Hosted by the Tri-County Gun Violence Coordinating Council, Pastor Thomas Dixon started the event by stating that the panel members who are in attendance can actually impact our community over the upcoming years.
“We’re not here to point fingers unless we are pointing fingers at ourselves; because if each one of us has not done everything that we can do to prevent gun violence, we’re just as much a part of a problem as we are a part of the solution,” Dixon said.
Panel members include the following:
- Rep. Krystle Matthews, - District 117 Running for U.S. Senate
- Sydney Clinton - Running to Represent District 98
- Tisa Whack - Gun Violence Survivor, MOMS Demand Action
- Eric Watson – Charleston County Deputy Administrator
- Scarlett Wilson – Ninth Circuit Solicitor
- Chief Luther Reynolds - Charleston Police Department
Before the questioning portion of the forum, panel members first spoke about why the issue of gun violence is important to them personally.
“It’s an epidemic, that I know all of you are well aware of, that seeps into every single possible facet of our lives and we have to be able to recognize what we can do,” Clinton said. “I’m hoping that at the end of this, we’re able to feel a little bit better that we’re not alone in this fight because it can be very tiring, and it can be hard and overwhelming.”
‘Is this who we are or who we are becoming,’ was the first question posed to panel members on the topic of gun violence. The response from the speakers was mixed with a variety of different responses.
“I would say this is who we are becoming,” Reynolds said. “I believe that we are on a path on a continuum, and we’re not going in the right direction, we’re going in the wrong direction. I believe that if you look at the number of homicides, those numbers are very misleading and each one of them has a story and a name behind it and we need to put that story and that face on each one of those losses.”
Wilson responded by opposing Reynolds, saying the problem is not just one solution, it is many tiny victories along the way.
“It’s who we are. It’s not who we’re becoming, and we don’t have time to waste. We have to address these things now,” she said. “We have to address these things in a way that we can listen to each other across party lines, across law enforcement, prosecutors, and members of the community.”
The Tri-County Gun Violence Coordinating Council put together a list of 12 possible solutions to curb gun violence in the Lowcountry:
- Implement a public campaign to lock cars to reduce gun theft.
- Create public, readable, accessible databases on gun crime.

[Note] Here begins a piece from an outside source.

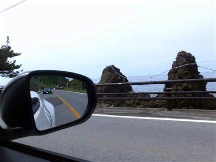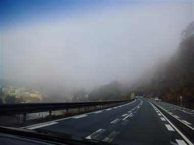 霧の中は霧雨の時のようにすぐにびっしょりに、、メガネは水滴で見えなくなり車はワイパーを回していました。
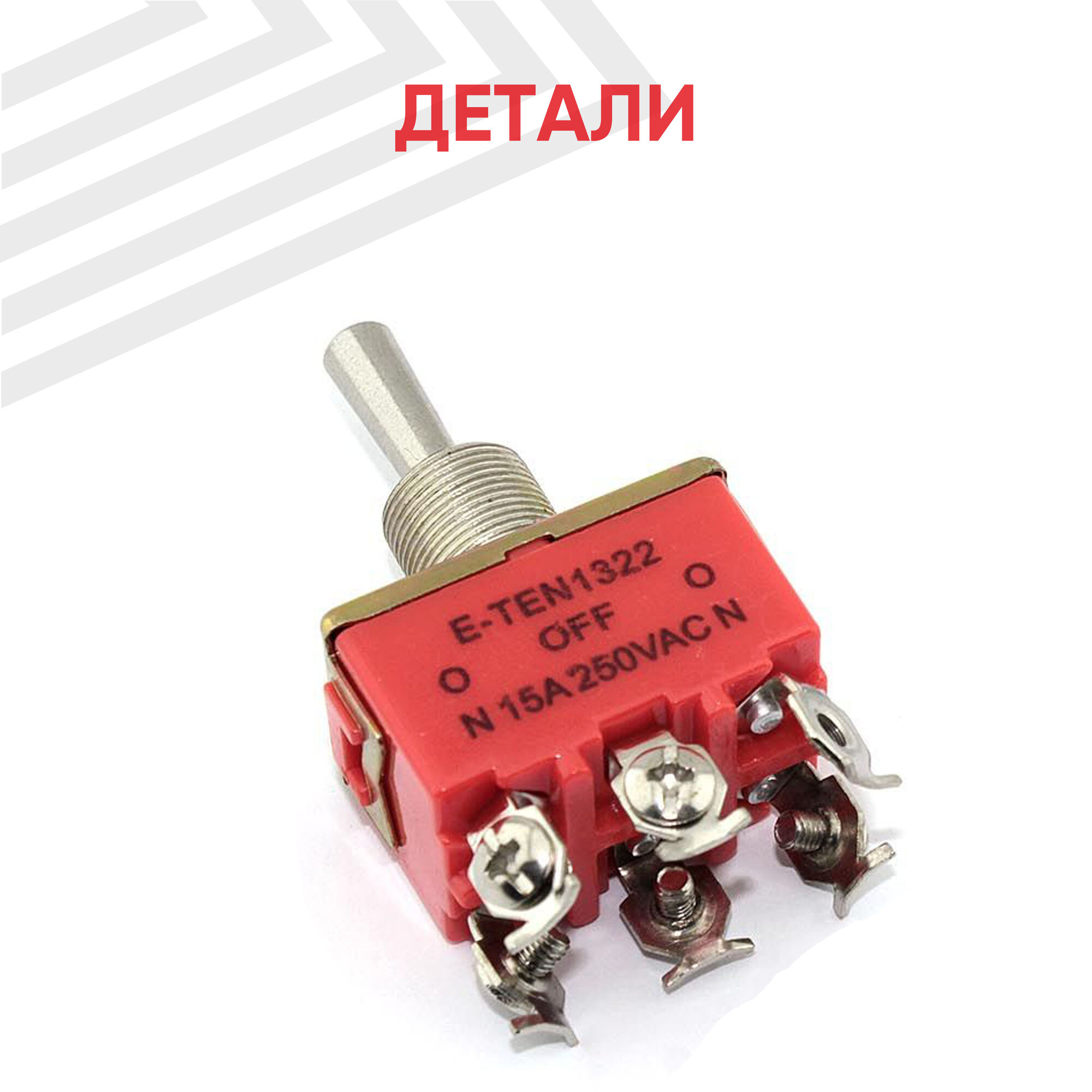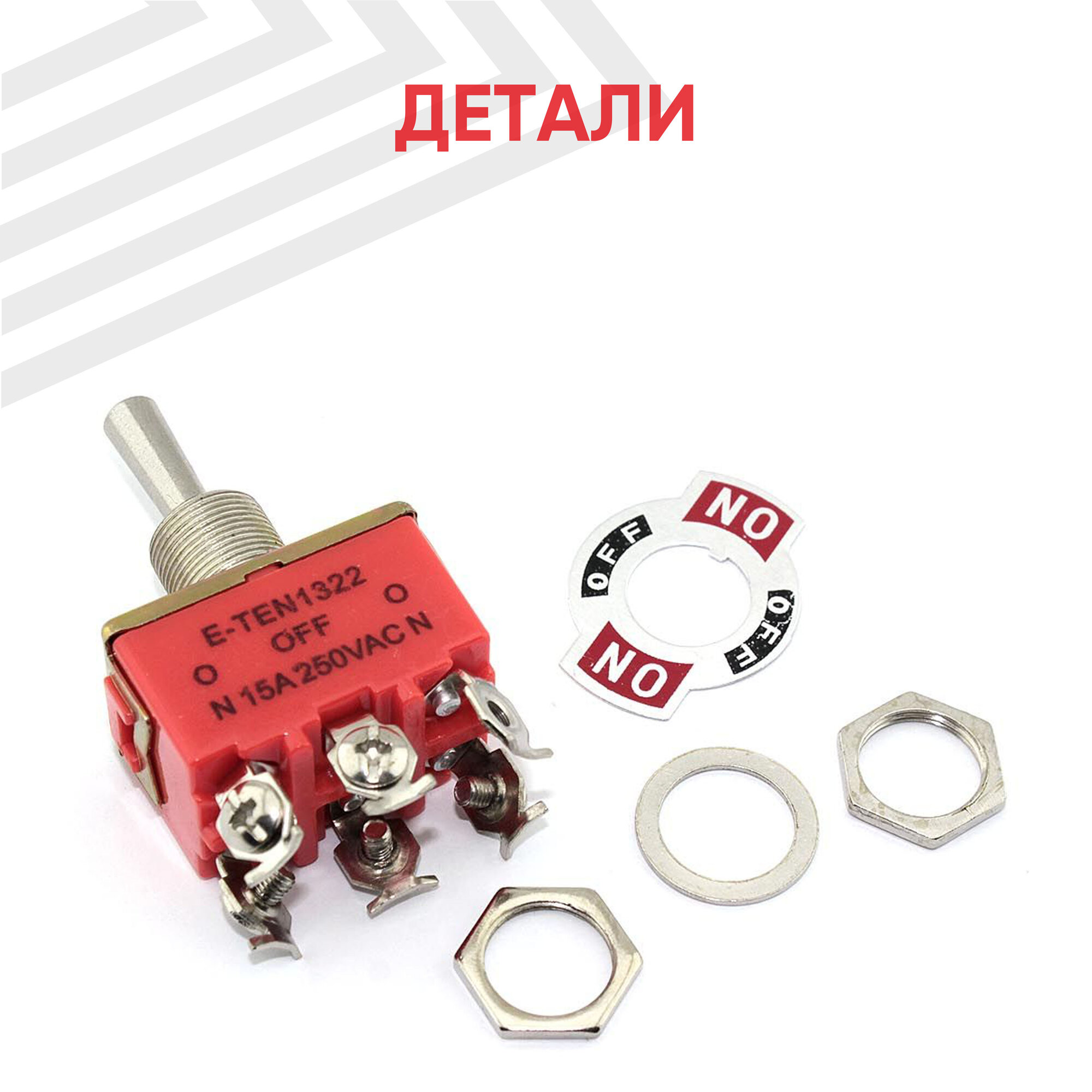 Тумблер E-TEN1322, 250В, 15А, 6 контактов, клеммы под винт, ON-OFF-ON информация:

- Fund Community Violence Interruption and Intervention with wrap-around services
- At-risk youth, identified by the community, schools and police, should be offered social resources and mentor services.
- Require all officers to attend and complete implicit bias training.
- Empower police chiefs to fire cops when they show racist beliefs and behavior
- Establish a statewide database for fired officers
- Charleston should recommit to holding the annual Police Community Unity Day held in the community
- Require all officers to attend and complete training on how to respond to victims during a domestic violence call that includes issues concerning the high risk of homicides because of domestic violence
- Conduct in-depth reviews into how law enforcement addresses cold case homicides and non-fatal assaults and how families are being kept up to date on their cases
- Build social capital, improving access to programs for high-risk youth, community greening/improvement of neighborhood physical space to reduce gun violence
- Emphasize community policing and create a strategic plan to implement it
“We have to learn as people how to resolve conflict, not just minors, but as adults, because you have to think about the way we react to things and how we’ve handled conflict,” Whack said. “We can’t handle conflict in a reasonable manner and how would we expect our children, our youth to follow our paths?”
The gun violence forum was just a start to discussing solutions, according to Marlvis Butch Kennedy, Tri-County Gun Violence Coordinating Council Chair. In the upcoming year, the council has already begun taking steps to address gun violence in a collaborative approach among Lowcountry organizations.
Sunday’s gun violence forum was the first of several that the Tri-County Gun Violence Coordinating Council is hosting.